Begin by setting the oven to 340.
Season the goose liberally with salt and pepper. Heat the olive oil in a dutch oven over medium heat. When the oil is hot, add the goose. Don’t play with the meat in this time, allow it to sear to a nice brown crust on one side before you flip it. When both sides are browned, remove the meat from the pot.
Melt the butter and add the garlic and vegetables. Stir the vegetables regularly, scraping the bottom of the pot, and cook until they begin to color and soften, around ten minutes.
Add the rosemary, bay leaves, and wine, and reduce the wine for around ten minutes.
Return the meat to the pot and add the broth. Cover and put in the oven for two and a half hours.

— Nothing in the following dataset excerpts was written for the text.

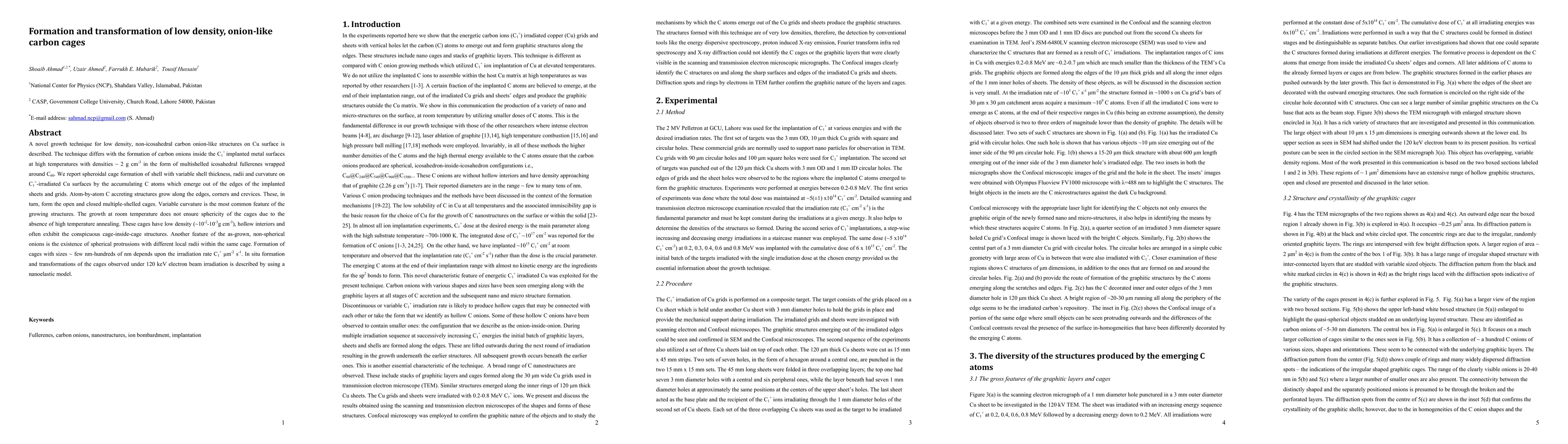 This paper describes a novel growth technique for low density, non-icosahedral carbon onion-like structures on Cu surfaces, revealing the formation of spheroidal cages through C atom accumulation and transformation under high-temperature C1+ implantation, with variable shell properties and in situ transformations observed under electron beam irradiation.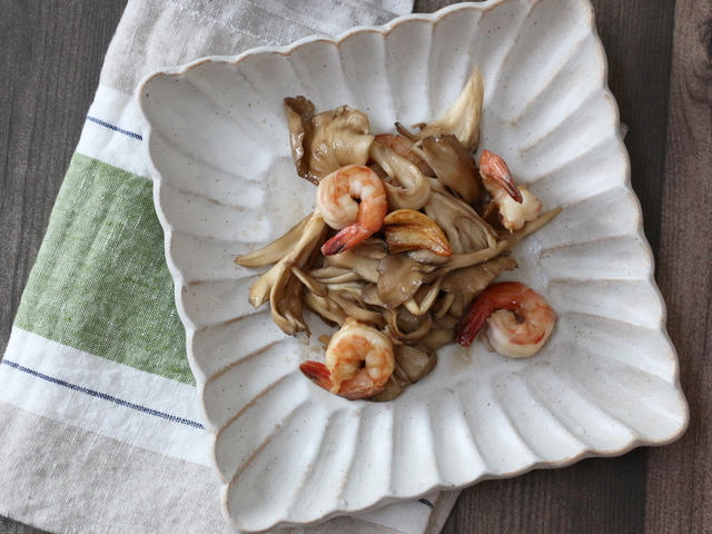 低脂質のエビと舞茸の組み合わせですが、ガーリックの風味とオイスターソースでしっかりと味をつけることで食べ応えはしっかりあります。エリンギやしめじなどお好みのきのこをプラスするのも良いですね。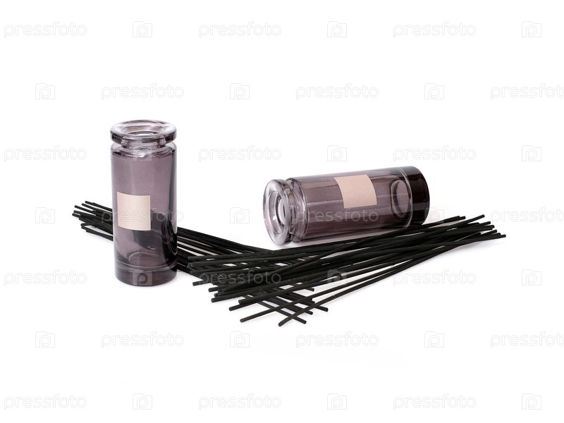 Стеклянный диффузор с ароматом, выделенным на белом фоне

When it is done, remove the meat and allow it to rest for five minutes. Debone the legs and chop the meat into bite-sized morsels. Return the meat to the pot. Remove the rosemary stems and bay leaves, and squeeze the garlic cloves out of their skins and into the stew.
Serve with a loaf of freshly baked bread. My go-to is the New York Times No Knead Bread recipe. You need to start it a day ahead, but it is not a lot of work and it always comes out delicious.